E-Interiores: Next-generation interior design with Blender

By: Dalai Felinto, Blender Developer

Meet e-interiores. This Brazilian interior design e-commerce startup transformed their creation process into an entire new fashion. This tale will show you how Blender made this possible, and how far we got.

We developed a new platform based on a semi-vanilla Blender, Fluid Designer, and our own pipelines. Thanks to the accomplished results, e-interiores was able to consolidate a partnership with the giant Tok&Stok providing a complete design of a room, in 72 hours.

A long time ago in a galaxy far far away

During its initial years, e-interiores focused on delivering top-notch projects, with state of the art 3d rendering.
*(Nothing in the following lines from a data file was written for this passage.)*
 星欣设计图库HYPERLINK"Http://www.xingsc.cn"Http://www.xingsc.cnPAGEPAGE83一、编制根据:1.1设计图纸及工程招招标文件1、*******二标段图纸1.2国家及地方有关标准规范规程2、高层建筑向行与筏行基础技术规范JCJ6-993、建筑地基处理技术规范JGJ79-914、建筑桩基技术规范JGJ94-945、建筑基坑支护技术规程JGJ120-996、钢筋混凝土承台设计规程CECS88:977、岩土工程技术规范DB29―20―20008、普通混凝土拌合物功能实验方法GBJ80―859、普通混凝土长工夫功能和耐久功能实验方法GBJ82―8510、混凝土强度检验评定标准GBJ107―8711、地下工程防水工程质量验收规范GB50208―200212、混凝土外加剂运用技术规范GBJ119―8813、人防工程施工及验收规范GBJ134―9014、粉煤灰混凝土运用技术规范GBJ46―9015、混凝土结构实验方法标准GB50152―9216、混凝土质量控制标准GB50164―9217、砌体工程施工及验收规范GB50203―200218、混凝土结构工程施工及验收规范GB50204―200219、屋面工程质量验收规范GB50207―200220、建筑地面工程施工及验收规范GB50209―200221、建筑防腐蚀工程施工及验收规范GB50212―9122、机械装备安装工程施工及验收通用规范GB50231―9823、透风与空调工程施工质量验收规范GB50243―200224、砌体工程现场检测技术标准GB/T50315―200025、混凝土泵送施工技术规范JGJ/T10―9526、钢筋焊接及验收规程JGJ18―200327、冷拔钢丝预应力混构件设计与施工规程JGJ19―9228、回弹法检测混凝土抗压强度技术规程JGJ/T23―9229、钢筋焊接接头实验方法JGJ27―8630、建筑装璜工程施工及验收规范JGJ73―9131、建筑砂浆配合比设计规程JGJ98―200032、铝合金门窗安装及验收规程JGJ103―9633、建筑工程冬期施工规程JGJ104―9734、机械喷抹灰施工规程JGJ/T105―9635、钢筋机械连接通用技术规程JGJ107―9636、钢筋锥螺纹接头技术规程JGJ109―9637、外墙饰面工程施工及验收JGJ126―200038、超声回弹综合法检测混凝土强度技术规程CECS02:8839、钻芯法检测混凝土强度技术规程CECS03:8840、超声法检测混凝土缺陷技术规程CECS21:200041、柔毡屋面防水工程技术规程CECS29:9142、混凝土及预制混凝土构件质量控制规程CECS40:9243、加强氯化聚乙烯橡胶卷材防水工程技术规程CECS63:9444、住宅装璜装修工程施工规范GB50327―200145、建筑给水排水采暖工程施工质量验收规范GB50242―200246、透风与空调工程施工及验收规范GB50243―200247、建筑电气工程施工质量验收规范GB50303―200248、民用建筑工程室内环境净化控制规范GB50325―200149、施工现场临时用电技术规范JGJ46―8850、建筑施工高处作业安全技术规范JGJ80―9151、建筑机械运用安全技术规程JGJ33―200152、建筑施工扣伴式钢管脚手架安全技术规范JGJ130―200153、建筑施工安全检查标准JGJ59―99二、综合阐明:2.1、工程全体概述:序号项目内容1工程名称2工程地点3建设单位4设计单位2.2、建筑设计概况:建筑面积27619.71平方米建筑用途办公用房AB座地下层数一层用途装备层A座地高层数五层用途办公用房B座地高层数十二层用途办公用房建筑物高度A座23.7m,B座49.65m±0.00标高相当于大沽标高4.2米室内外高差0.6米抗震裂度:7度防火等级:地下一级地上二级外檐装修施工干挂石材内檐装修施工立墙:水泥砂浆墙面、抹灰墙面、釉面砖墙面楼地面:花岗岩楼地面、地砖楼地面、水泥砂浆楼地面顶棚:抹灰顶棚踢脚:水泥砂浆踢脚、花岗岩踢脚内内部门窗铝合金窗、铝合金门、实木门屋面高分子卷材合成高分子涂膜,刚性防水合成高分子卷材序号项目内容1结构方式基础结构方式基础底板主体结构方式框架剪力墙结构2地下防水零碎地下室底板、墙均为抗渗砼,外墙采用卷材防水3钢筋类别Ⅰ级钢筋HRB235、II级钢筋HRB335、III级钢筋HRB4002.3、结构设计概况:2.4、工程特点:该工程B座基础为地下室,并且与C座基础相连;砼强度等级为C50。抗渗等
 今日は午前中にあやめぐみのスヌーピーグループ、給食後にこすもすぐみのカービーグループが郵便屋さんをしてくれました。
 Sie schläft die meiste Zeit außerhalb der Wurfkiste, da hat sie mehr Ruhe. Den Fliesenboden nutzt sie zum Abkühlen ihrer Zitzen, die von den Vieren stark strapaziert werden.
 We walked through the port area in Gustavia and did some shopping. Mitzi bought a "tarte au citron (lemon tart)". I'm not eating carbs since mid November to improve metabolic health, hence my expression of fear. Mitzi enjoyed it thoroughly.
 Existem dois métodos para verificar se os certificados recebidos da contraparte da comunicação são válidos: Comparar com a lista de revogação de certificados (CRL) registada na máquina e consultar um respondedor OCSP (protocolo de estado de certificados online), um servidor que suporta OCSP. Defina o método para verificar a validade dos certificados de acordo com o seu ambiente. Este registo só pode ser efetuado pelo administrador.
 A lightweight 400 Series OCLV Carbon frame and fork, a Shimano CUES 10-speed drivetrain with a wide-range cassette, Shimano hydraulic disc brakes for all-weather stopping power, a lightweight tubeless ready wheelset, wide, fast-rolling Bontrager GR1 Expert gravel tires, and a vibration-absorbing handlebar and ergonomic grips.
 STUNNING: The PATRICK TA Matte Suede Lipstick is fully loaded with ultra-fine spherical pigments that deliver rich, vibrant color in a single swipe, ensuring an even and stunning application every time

Back then, this would involve a pantheon of software, namely: AutoCAD, SketchUp, VRay, Photoshop.

All those mainstream tools were responsible for producing technical drawings, 3D studies, final renderings, and the presentation boards. Although nothing could be said about the final quality of their deliverables, the overall process was “artisanal” at most and extremely time consuming.

Would it be possible to handle those steps inside a single tool? How much time could be saved from handling the non-essential tasks to the computer itself?

New times require new tools

The benefits of automatization in a pipeline are known and easily measured. But how much thought does a studio give to customization? How much can a studio gain from a custom-tailored tool?

It was clear that we had to minimize the time spent on the preparation, rendering and presentation. This would leave the creators free to dedicate their time and sweat over what really matters: which furnitures to use and how to arrange them, which colors and materials to employ, the interior design itself.

A fresh start

The development paradigm was as such:

  • Vanilla Blender: The underneath software should stay as close to its consumer version as possible
  • Addon: The core of the project would be to create a Python script to control the end to end user experience
  • Low entry barrier: the users should not have to be skilled in any previous 3D software, specially not in Blender

The development started by cleaning up the Blender Interface completely. I wanted the user to be unaware of the software being used underneath. We took a few hints from Fluid Designer (the theme is literally their startup file), but we focused on making the interface tied to the specifics of e-interiores working steps.

You have the tools to create the unchanged elements of the space – walls, floor, …, the render point of views, the dynamic elements of the project, and the library. Besides that, there are a whole different set of tools dedicated to create the final boards, add notations, measurements, …

A little bit about coding

Although I wanted to keep Blender as close to its pristine release condition as possible, there were some changes in Blender that were necessary. They mostly orbited around the Font objects functionality which we use extensively in the boards preparations.

The simplest solution in this case was to make the required modifications myself, and contribute them back to Blender. The following contributions are all part of the official Blender code, helping not only our project, but anyone that requires a more robust all-around text editing functionality:

With this out of the way we have a total 18,443 lines of code for the core system, 1,458 of model conversion and 2,407 for database. All of this ammounts to over 22 thousand lines of Python scripting.

Infrastructure barebones

The first tools we drafted are what we call the skeleton. We have parametric walls, doors, windows. We can make floor and ceilings. We can adjust their measurements later. We can play with their style and materials.

Objects library

We have over 12,000 3d models made available to us by Tok&Stok. The challenge was to batch convert them into a format Cycles could use. The files were originally in Collada, and modelled and textured for realtime usage. We then ditched the lightmaps, removed the support meshes, and assigned Cycles-hand-made materials based on the object category.

Part of this was only possible thanks to the support of Blender developer and Collada functionality maintainer Gaia Clary. Many thanks!

More dynamic elements

Curtains, Mirrors, marbles, blindex . . . there a few components of a project that are custom-made and adjusted on an individual case basis.

Boards

This is where the system shines. The moment an object is on the scene we can automatically generate the lighting layout, the descriptive memorial, and the product list.

The boards are the final deliverable to the clients. This is where the perspectives, the project lists, the blueprints all come together. The following animation illustrates the few steps involved in creating a board with all the used products, with their info gathered from our database.

Miscellaneous results

Finally you can see a sample of the generated result of the initial projects done with this platform. Thanks to Blender’s script possibilities and customization we put together an end-to-end experience to our designer and architects.